Owning Motorola will allow Google, more than ever before, to create mobile devices that satisfy the web giant's vision for what cellphones and tablets should be able to do. A new breed of Motorola smartphones could be designed from the ground up to integrate Google products at every turn, from featuring the Google-plus social network to adding near field communication chips that allow cellphones to be substituted for credit cards via Google Wallet. Fundamentally, Motorola offers Google a bridge from the digital to the physical world, and with it, a means of gaining valuable information about its users, such as their locations or what applications they use the most. Though Google said that it will continue to license its Android software, its mobile strategy will cease being at the mercy of third-party handset manufacturers like HTC and Samsung. Instead, Google will able to dictate the price, distribution and features of its own line of devices. "Google no longer has to put its future in the hands of companies that deliver mediocre Android devices that damage the whole ecosytem," explained Michael Gartenberg, an analyst with the research firm Gartner Group. "Apple's success was built on controlling its own destiny and not relying on third parties to deliver its vision. Google is saying, "We're going to deliver our vision as we see fit, much as Apple has.'"

Google also stands to bolster its efforts to gain inroads into the living room by spreading to TVs. Google TV, which was unveiled lat year but was unable to gain much traction, may stand a better chance when paired with Motorola's set-top box offerings. Until now, Google has been essentially hands off when it comes to hardware: it has offered its Android software to manufacturers at zero cost, without a having a say in the form of the phones Android will power.
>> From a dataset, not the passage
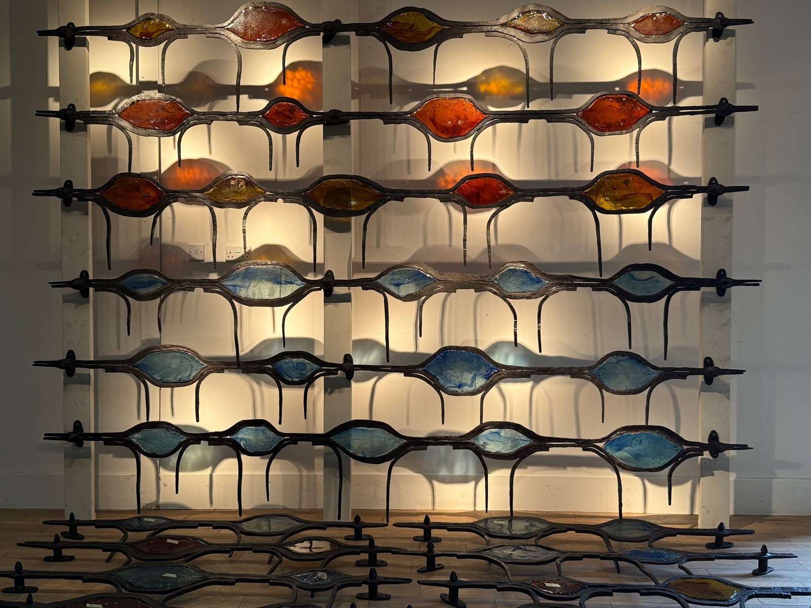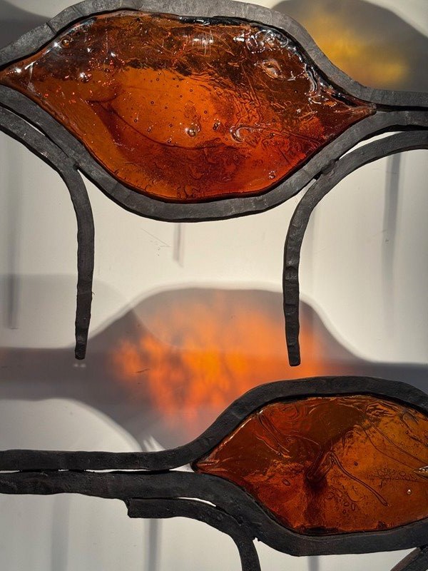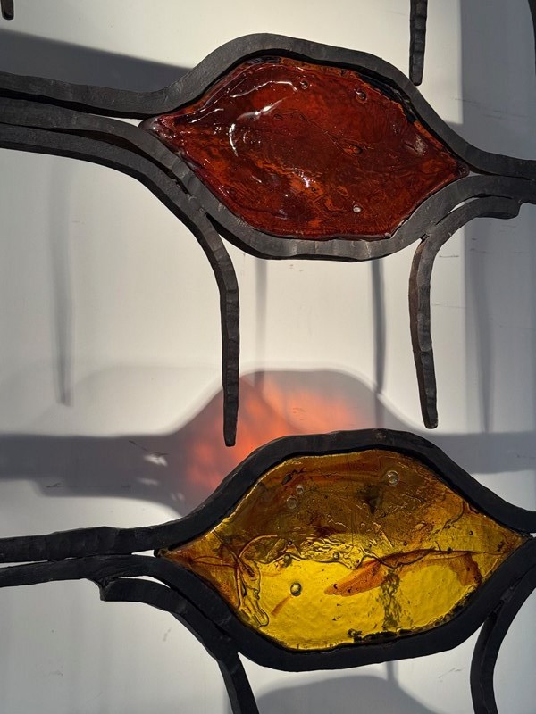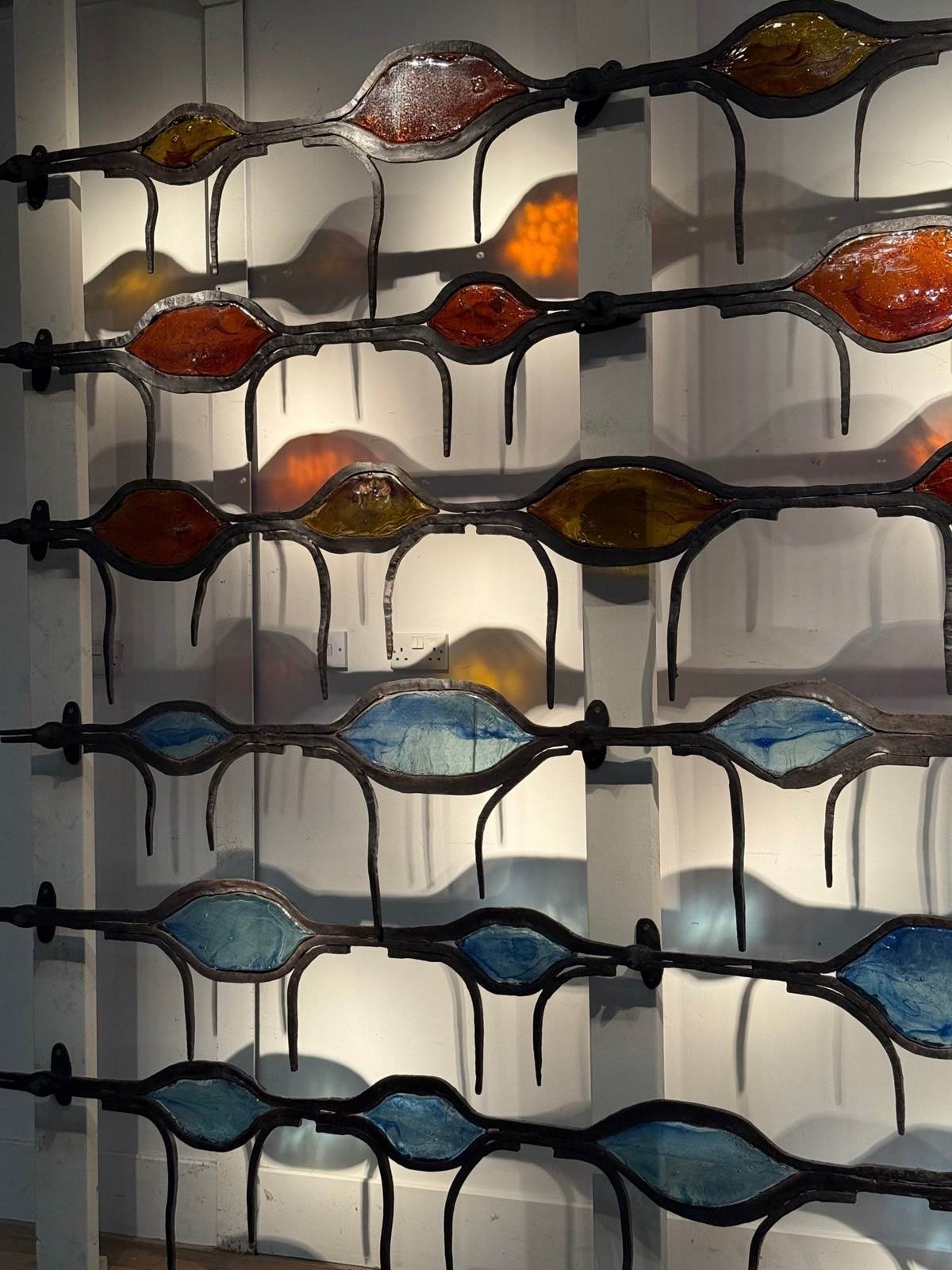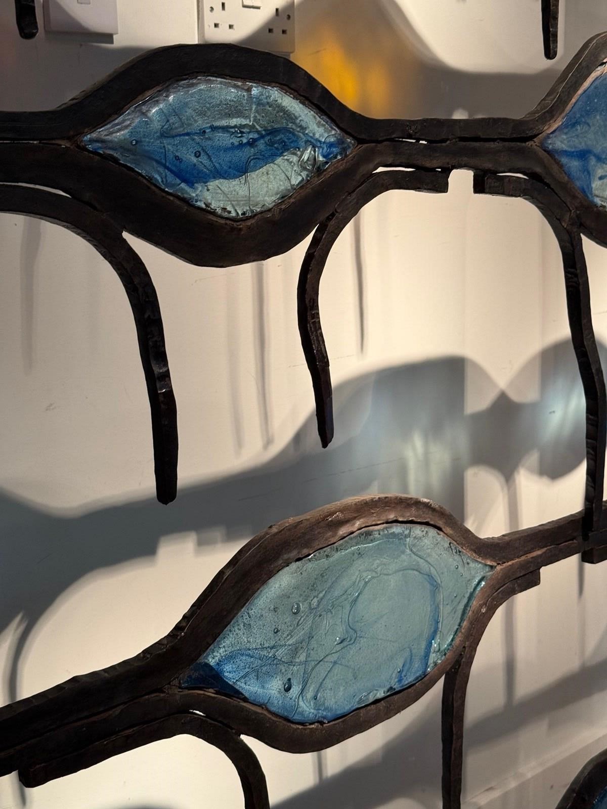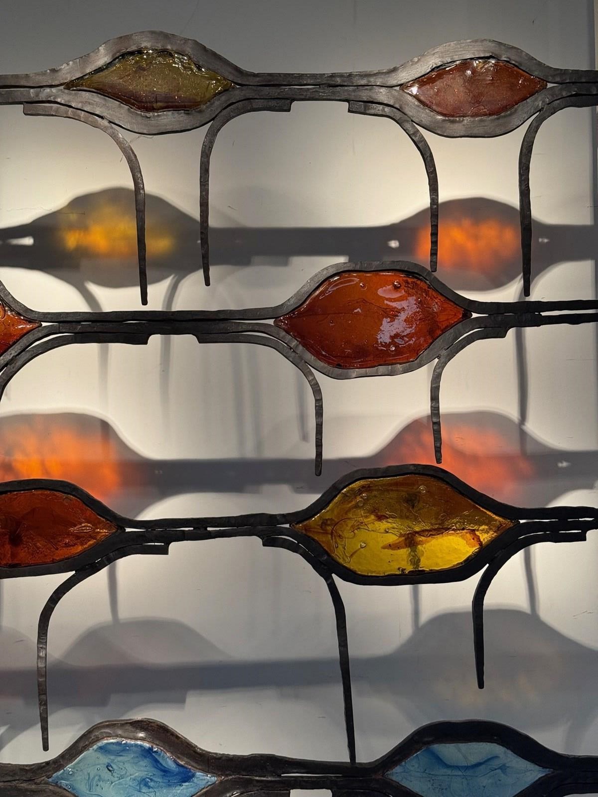 C1950 An Artisan Spanish Brutalist Iron & Glass Wall Sculpture

This disruptive and unorthodox strategy has allowed Google to gain enormous market share in very little time, overtaking Apple to claim 48 percent of the global smartphone market, according to Canalys.

To some extent, quality has been sacrificed for quantity as Android has expanded to more than 150 million devices made by more than thirty different manufacturers. Google frequently updates its Android software, but app developers, manufacturers and carriers are not always able to keep up, resulting in a proliferation of different versions of the Android operating system offering a range of experiences for users. Depending on Google's relationship with the handset manufacturer, or the manufacturer's approach to upgrades, a consumer could purchase a smartphone running outdated software, straight out of the box. Not all Android apps perform equally on different versions of the software, an issue that has been a source of frustration for users and developers alike.
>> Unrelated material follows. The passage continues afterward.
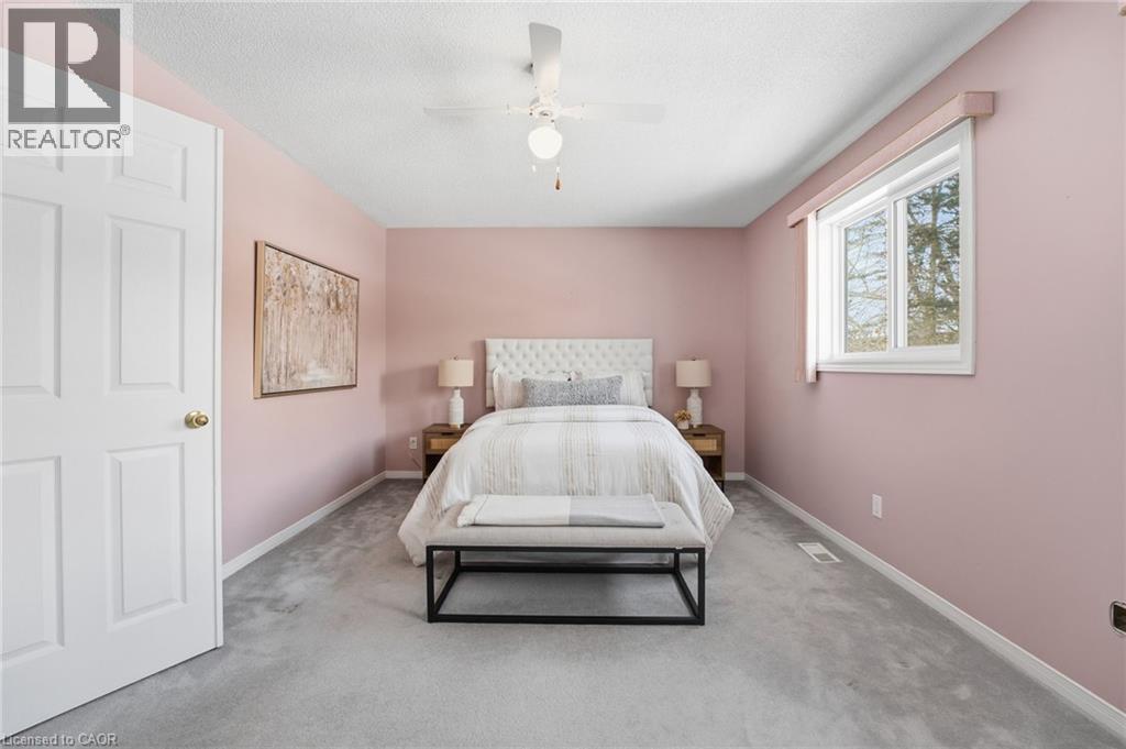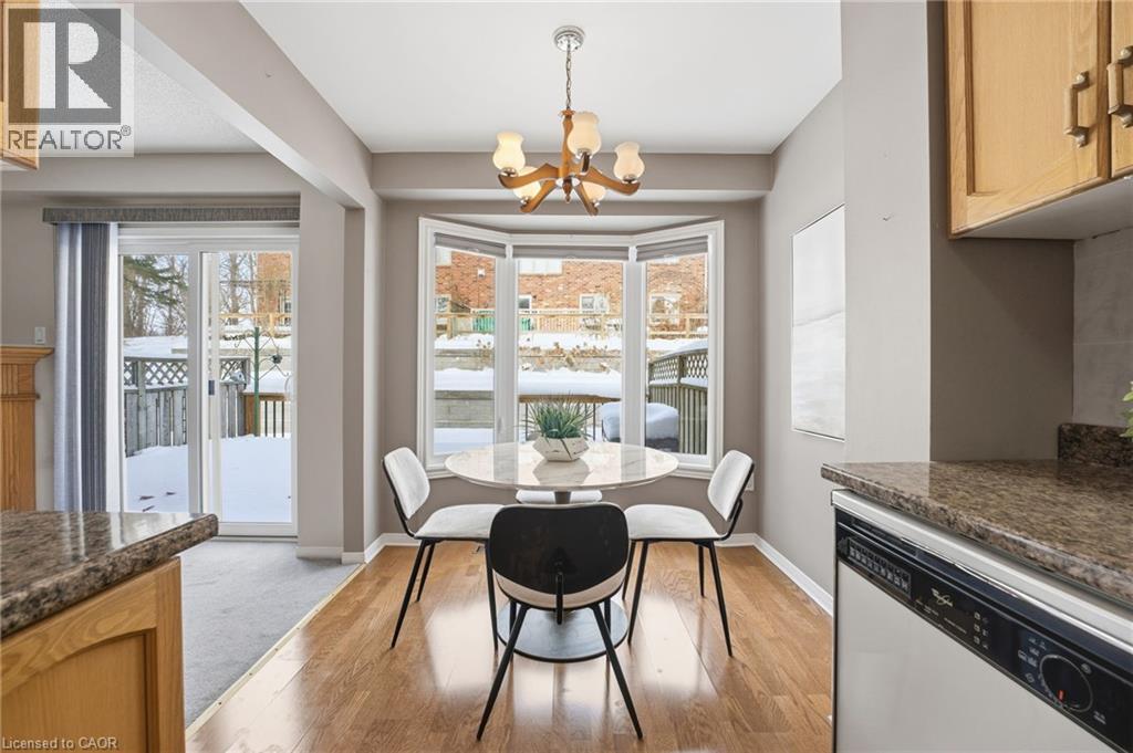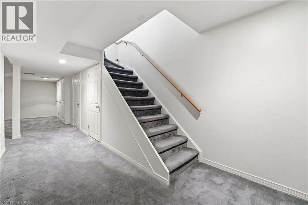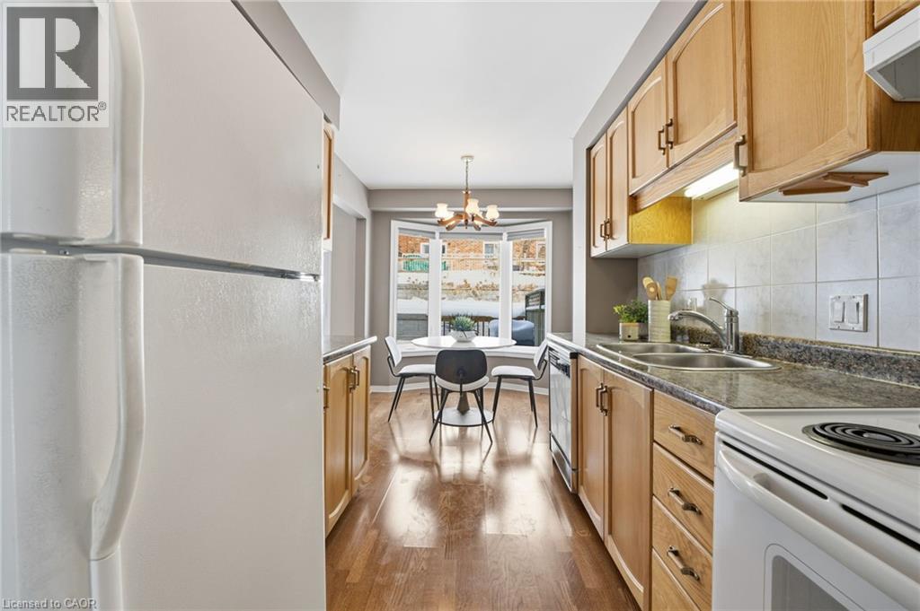 Welcome to this well-maintained condominium townhome located in a quiet, sought-after Dundas community. This inviting home offers a functional multi-level layout with bright principal rooms, attached garage parking, and a finished lower level—ideal for families, professionals, or downsizers. The main floor features a comfortable living room with a cozy gas fireplace and sliding doors leading to a private fenced patio, perfect for relaxing or entertaining. The adjacent dining area is filled with natural light from a charming bay window, while the kitchen provides ample cabinetry and counter space for everyday living. Upstairs, you’ll find spacious bedrooms with generous closet space and a well-appointed 4-piece bathroom. The finished basement adds exceptional versatility, offering a large recreation room, a dedicated home office area with built-in desk, and plenty of storage. Set in a peaceful, well-kept complex, this home is just steps from parks, conservation lands, and scenic walking trails, and minutes to downtown Dundas, schools, shops, and convenient highway access. A fantastic opportunity to enjoy low-maintenance living in one of Dundas’ most desirable neighbourhoods. (id:4555)

Google's new approach -- controlling the smartphone experience from end-to-end -- mirrors the vertical-integration strategy Apple has pursed with spectacular success, but one that has lately been a bust for the likes of Nokia and Research in Motion. Nokia, for example, recently ceded its top spot as the world's largest smartphone vendor to Apple and announced it would retire its Symbian operating system in favor of Microsoft's Windows Phone software.

Google is staking billions on its ability to successfully control both the software and hardware components of its company's devices -- all while not alienating its partners, who have been instrumental in Android's rise and with whom Google will directly compete once the Motorola acquisition is complete. "Google has had history of picking favorites, but it's never directly competed with manufacturers," said Ovum analyst Dillon. "Manufacturers have come out with statements of support. But what's said in public in one thing, and what's said behind closed doors is another."